Sound reasons underpin the impermissibility of grounding winding-up petitions on disputed debts. First, the FHC has no jurisdiction to entertain simple debt disputes: section 272 of the 1999 Constitution; Pharma-Deko Plc v FDC Ltd (2015) 10 NWLR (Pt 1467) 225 at 252C-E. Second, only a “creditor” has the locus to present a winding-up petition under section 572(a) of CAMA: Weide & Co (Nig) v Weide & Co Hamburg (1992) 6 NWLR (Pt 249) 627 at 640H. Where the debt is disputed, it affects the status of the petitioner as a “creditor” and his right to present the petition. Third, the only relief which a court may grant in a winding-up is the winding-up of the debtor on the ground of insolvency pursuant to sections 571(d), 572(a) and 573(1)(b) of CAMA: Oriental Airlines Ltd v Air Via Ltd (supra) at 281B-C.

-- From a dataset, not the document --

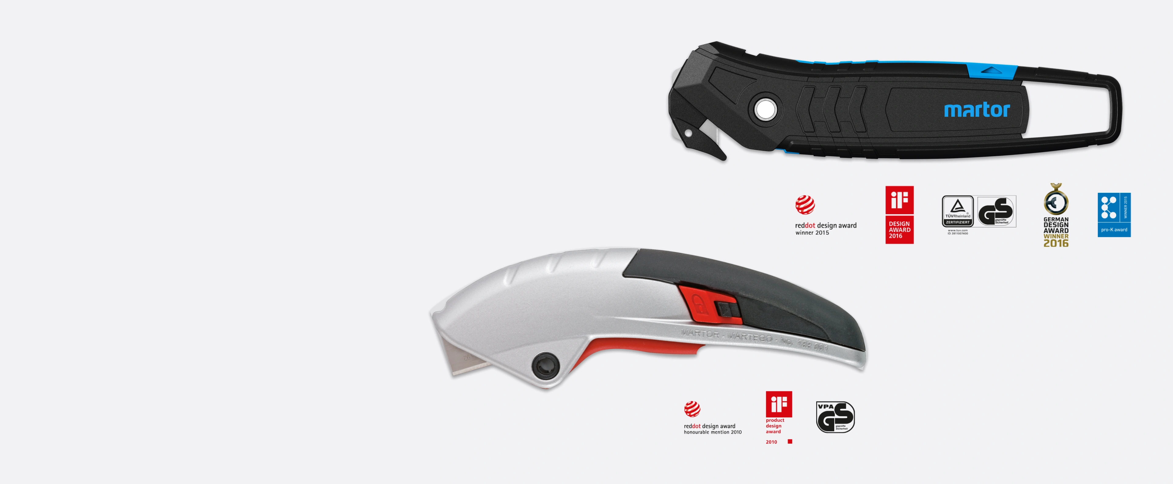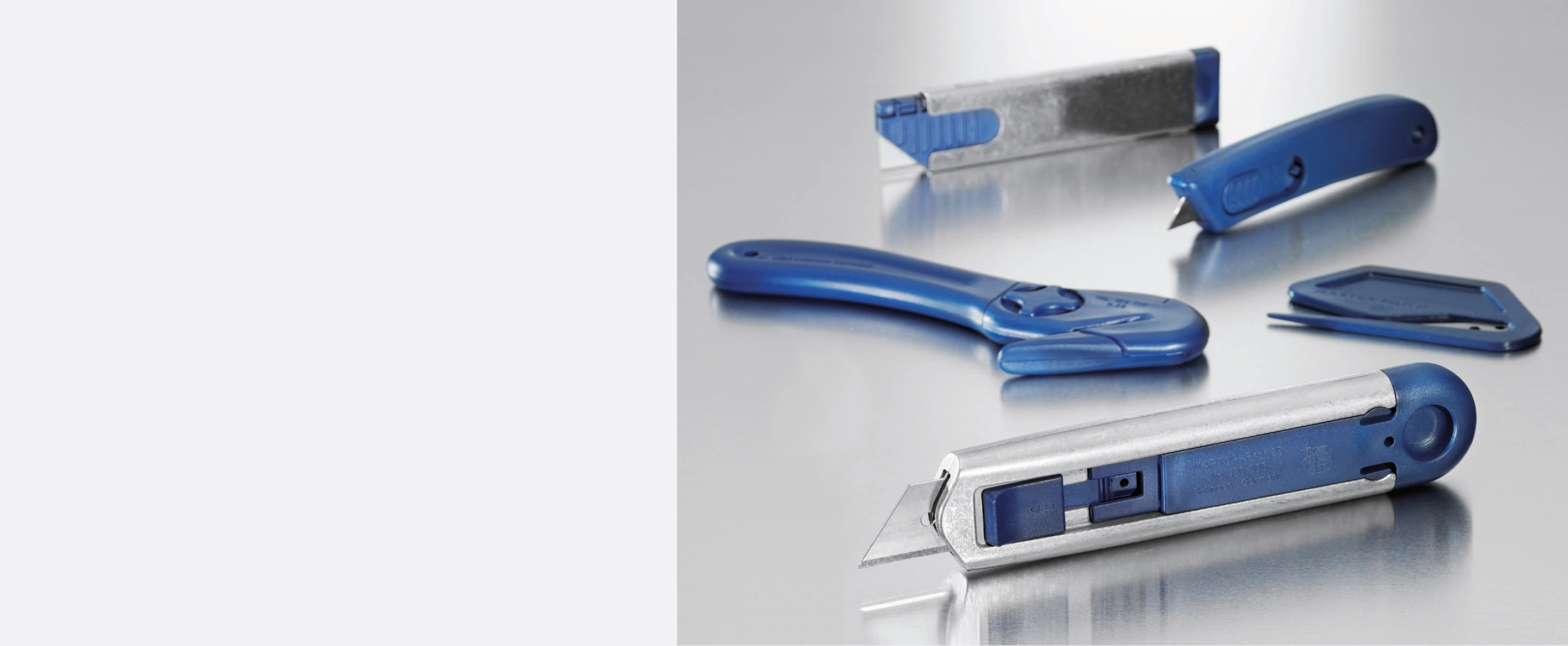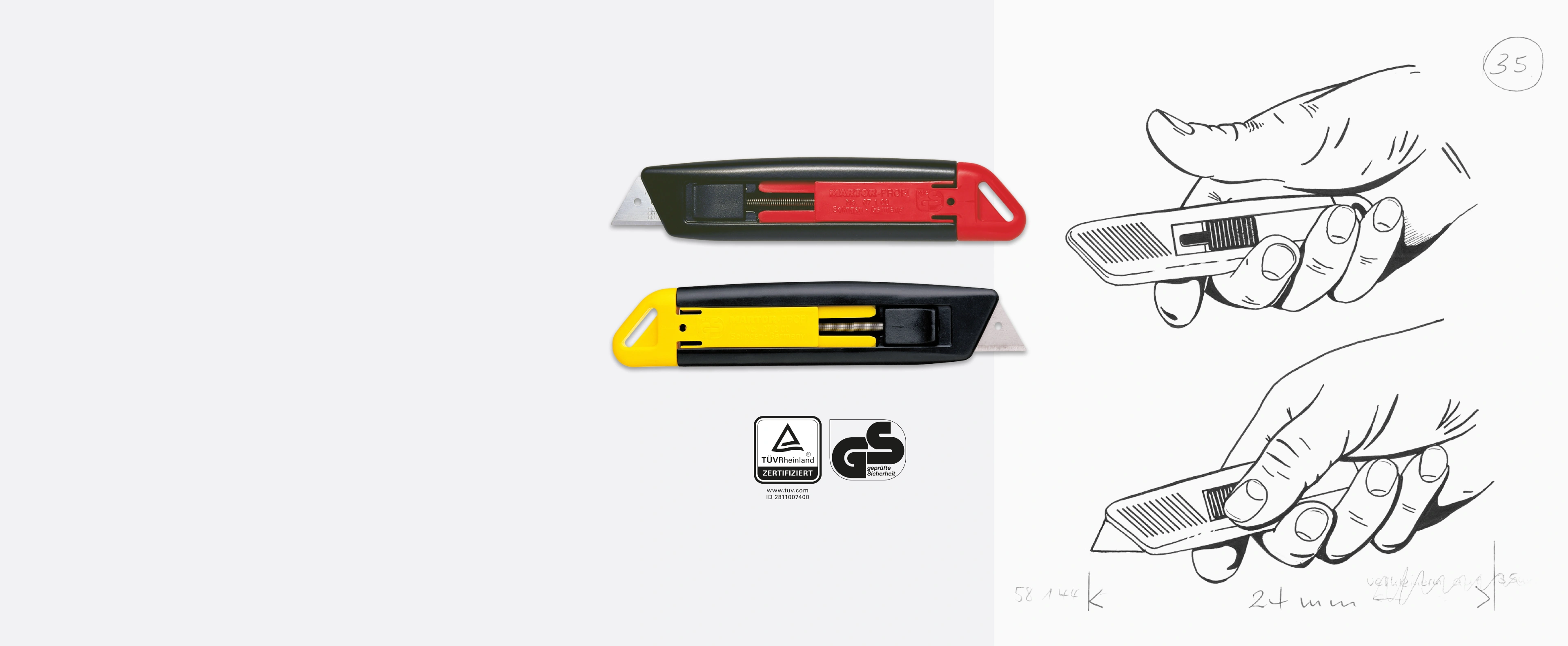 »Cortadores funcionalmente perfectos que protegen al usuario contra lesiones. Una ligera presión con el pulgar hace desaparecer o reaparecer el afilado Martor con la máxima protección.«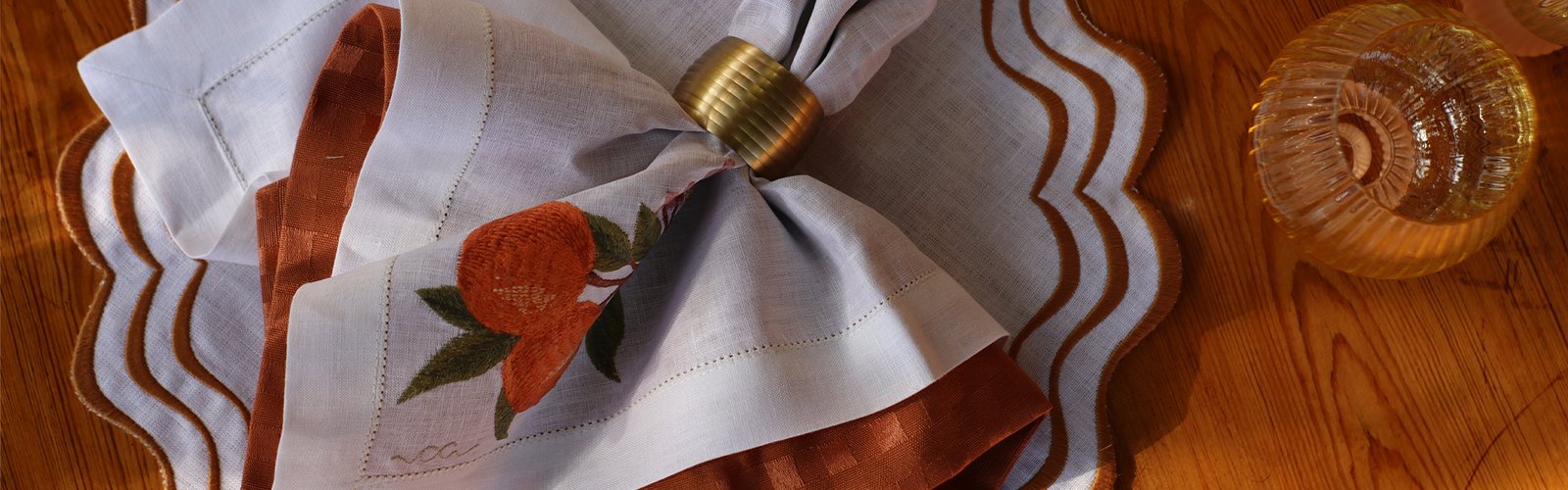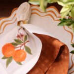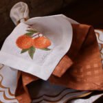 O guardanapo Bahiana é puro calor. Confeccionado em linho puro, recebe um barrado com vira de 3 cm, inteiramente trabalhado em delicado ponto ajour, que percorre toda a sua extensão. O bordado da laranja bahia salta aos olhos com suas cores vivas e o traço orgânico da fruta madura. É uma peça que combina técnica apurada com sensibilidade visual. Sofisticada na medida, sem perder a alegria que essa coleção traz à mesa.

The Risk of Void Dispositions
A debtor’s payment to a creditor after the presentation of the petition may constitute a void disposition: section 576 of CAMA. Accordingly, a petitioner who receives payment of its debt may be required to repay same to the insolvent’s estate upon the making of a winding-up order. In Re Liverpool Civil Service Association (1874) 9 Ch App 511, the debtor paid the petitioner part of the debt and promised to pay the balance on a future date. When the debtor defaulted, the petitioner proceeded with the petition and obtained a winding-up order. On the liquidator’s application, the court held that the part-payment received by the petitioner after the presentation of the petition was a void disposition and ordered the petitioner to repay.
A cardinal objective/feature of insolvency law is equal treatment of similarly situated creditors. Permitting the debtor to make any payment to the petitioner, amounts to giving the petitioning-creditor an advantage over other similarly situated creditors. To avoid the risk of receiving a void disposition, a petitioner who has received payment from the debtor may terminate the winding-up action. However, this may not be possible where there are (unpaid) creditors who are desirous of proceeding with the petition. A court has jurisdiction to substitute a creditor for a petitioner who is unwilling or unable to continue with the petition: Rule 26 of Company Winding-up Rules 2001; Communications Associates Ltd v Pharmacia Nigeria Ltd  FHCLR 77 at 89.